Machine Learning and MLOps-Based Multi-Cloud Data Platforms for Scalable Enterprise Analytics and Banking Risk Intelligence

Authors

  • Mirella Lapata Senior Project Manager, Netherlands Author

DOI:

https://doi.org/10.15662/IJEETR.2025.0704011

Keywords:

Machine Learning, MLOps, Multi-Cloud Data Platforms, Enterprise Analytics, Banking Risk Intelligence, Predictive Modeling, Cloud Orchestration, Data Governance, Scalable Analytics, Financial Risk Management

Abstract

The banking and financial sectors are increasingly dependent on large-scale data analytics to drive operational efficiency, risk management, and strategic decision-making. Multi-cloud data platforms enable enterprises to harness distributed computing resources, manage diverse datasets, and deploy scalable analytics pipelines across heterogeneous cloud environments. However, integrating machine learning (ML) models, ensuring reproducibility, and maintaining operational efficiency in multi-cloud settings present significant challenges.

 

This research proposes a machine learning and MLOps-driven multi-cloud data platform designed for scalable enterprise analytics and banking risk intelligence. The framework leverages distributed data storage, automated model deployment pipelines, and cross-cloud orchestration to enable efficient data processing, real-time analytics, and predictive risk assessment. MLOps practices ensure model versioning, continuous integration, automated testing, and reproducibility across cloud platforms, reducing deployment errors and operational overhead.

 

The proposed architecture supports risk intelligence by integrating ML models capable of detecting fraudulent transactions, forecasting market risk, and identifying operational vulnerabilities. Multi-cloud orchestration ensures scalability, redundancy, and compliance with regulatory frameworks such as Basel III and GDPR. The study highlights the benefits of combining machine learning, MLOps, and multi-cloud platforms for enterprise-scale analytics while discussing challenges including system complexity, data governance, and operational security.

References

1. Kamadi, S. (2024). GenAI data engineering: Synthetic data and feature engineering framework for cloud analytics. World Journal of Advanced Research and Reviews, 24(1), 2867–2877. https://doi.org/10.30574/wjarr.2024.24.1.3165

2. Ganesan, G. B. K. (2025). Fraud Detection Systems in Enterprise Integration Architecture. IJSAT-International Journal on Science and Technology, 16(1).

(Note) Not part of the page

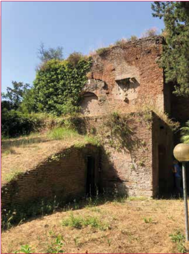
Fig. 4 - Resti della scalinata d'accesso nella parete frontale, luglio 2021.

ca strumentale (Cianci & Colaceci 2017). Tale metodo di rilevamento sarà preceduto da un progetto di ripresa finalizzato alla corretta acquisizione di immagini fotografiche, con l'obiettivo di garantire l'adeguata sovrapposizione delle medesime per ricavare un valido modello numerico per punti (Russo 2020). Il rilievo aerofotogrammetrico del mausoleo tramite SAPR (sistemi aeromobili a pilotaggio

3. Rajasekaran, M., Sekar, S., Manikandaprabhu, K., Vijayakumar, R., Rajmohan, M., & Murugan, S. (2024, October). Next-Gen Coaching: IoT and Linear Regression for Adaptive Training Load Management. In 2024 8th International Conference on I-SMAC (IoT in Social, Mobile, Analytics and Cloud) (pp. 224–229). IEEE.

4. Ravi Kumar Ireddy. (2024). Real-Time Payment Orchestration and Fraud Governance Framework: Cloud-Native Treasury Optimization with Ensemble Deep Learning Integration. International Journal of Scientific Research in Computer Science, Engineering and Information Technology, 10(3), 1152–1161.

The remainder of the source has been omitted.